> Recorded data:
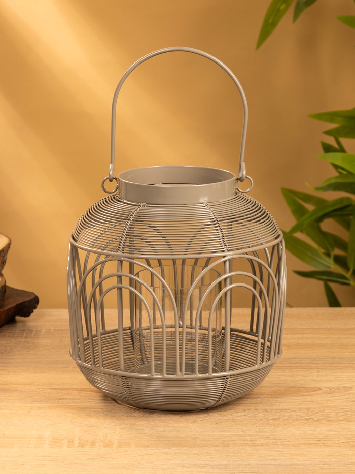 Подсвечник фонарь со стеклянной колбой, 19×19×19.5 см, d=8.5 см, металл, серый
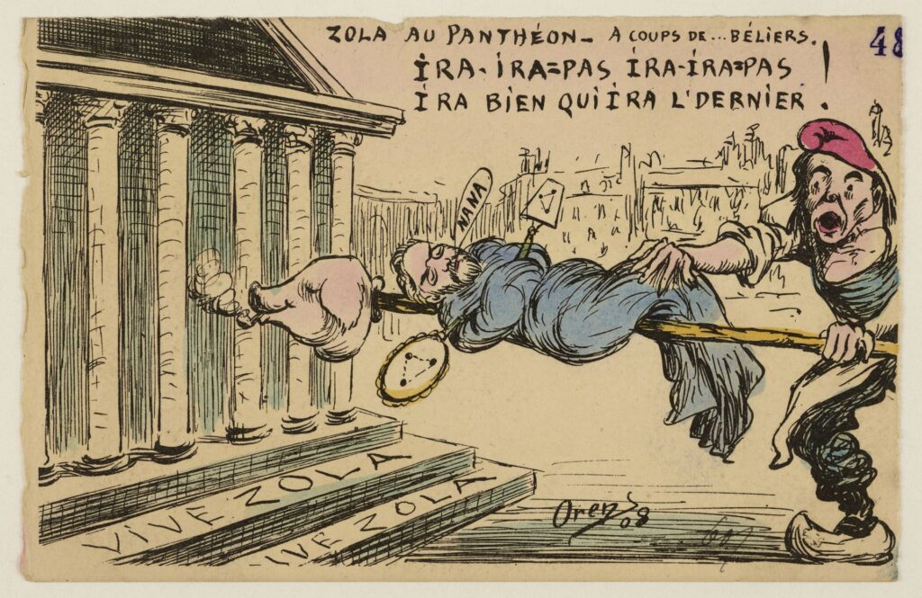 4 juin 1908: les cendres d’Émile Zola ont été solennellement inhumées dans la crypte du Panthéon. Caricature d’Orens Denizard
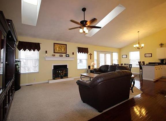 WONDERFUL 4 Bedroom Ranch w/ Finished Walk-Out Lower Level in Deerfield neighborhood! Greeted by covered front porch. Upon entry into foyer w/ vaulted ceiling & coat closet. Dining room to right w/ plant shelf & front window. Through foyer, awesome Open Floorplan awaits w/ Great Room w/ vaulted ceiling, 2 skylights & Gas Ventless fireplace. Great Room open to Upgraded Kitchen w/ Granite Counters, white cabinetry w/ oil rubbed bronze pulls, Stainless dishwasher, gas burner cooktop, microwave, oven; refrigerator & pantry closet. Breakfast area w/ double doors & bay window provide much natural light. Master Bedroom Suite w/ double door entry, vaulted ceiling, large bay window, walk-in closet, dual vanities w/ Granite counters, stand up shower, jacuzzi jetted tub & linen storage. Three additional bedrooms, full bath & laundry room on main. Finished Owens Corning Lower Level, walk-out w/ daylight windows! Large storage area & Wrap-Around Deck. New Roof in 2012. Pool Table & Bar can stay!
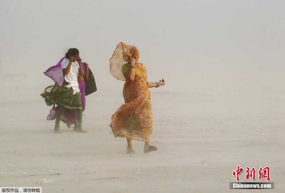 当地时间5月12日,印度安拉阿巴德遭遇沙尘暴天气,当地民众在大风扬起的沙尘中艰难前行。

> Task details: Without the pictures, output the full listing exactly as it stands.

> Problem solution:
 Подсвечник фонарь со стеклянной колбой, 19×19×19.5 см, d=8.5 см, металл, серый
 4 juin 1908: les cendres d’Émile Zola ont été solennellement inhumées dans la crypte du Panthéon. Caricature d’Orens Denizard
 WONDERFUL 4 Bedroom Ranch w/ Finished Walk-Out Lower Level in Deerfield neighborhood! Greeted by covered front porch. Upon entry into foyer w/ vaulted ceiling & coat closet. Dining room to right w/ plant shelf & front window. Through foyer, awesome Open Floorplan awaits w/ Great Room w/ vaulted ceiling, 2 skylights & Gas Ventless fireplace. Great Room open to Upgraded Kitchen w/ Granite Counters, white cabinetry w/ oil rubbed bronze pulls, Stainless dishwasher, gas burner cooktop, microwave, oven; refrigerator & pantry closet. Breakfast area w/ double doors & bay window provide much natural light. Master Bedroom Suite w/ double door entry, vaulted ceiling, large bay window, walk-in closet, dual vanities w/ Granite counters, stand up shower, jacuzzi jetted tub & linen storage. Three additional bedrooms, full bath & laundry room on main. Finished Owens Corning Lower Level, walk-out w/ daylight windows! Large storage area & Wrap-Around Deck. New Roof in 2012. Pool Table & Bar can stay!
 当地时间5月12日,印度安拉阿巴德遭遇沙尘暴天气,当地民众在大风扬起的沙尘中艰难前行。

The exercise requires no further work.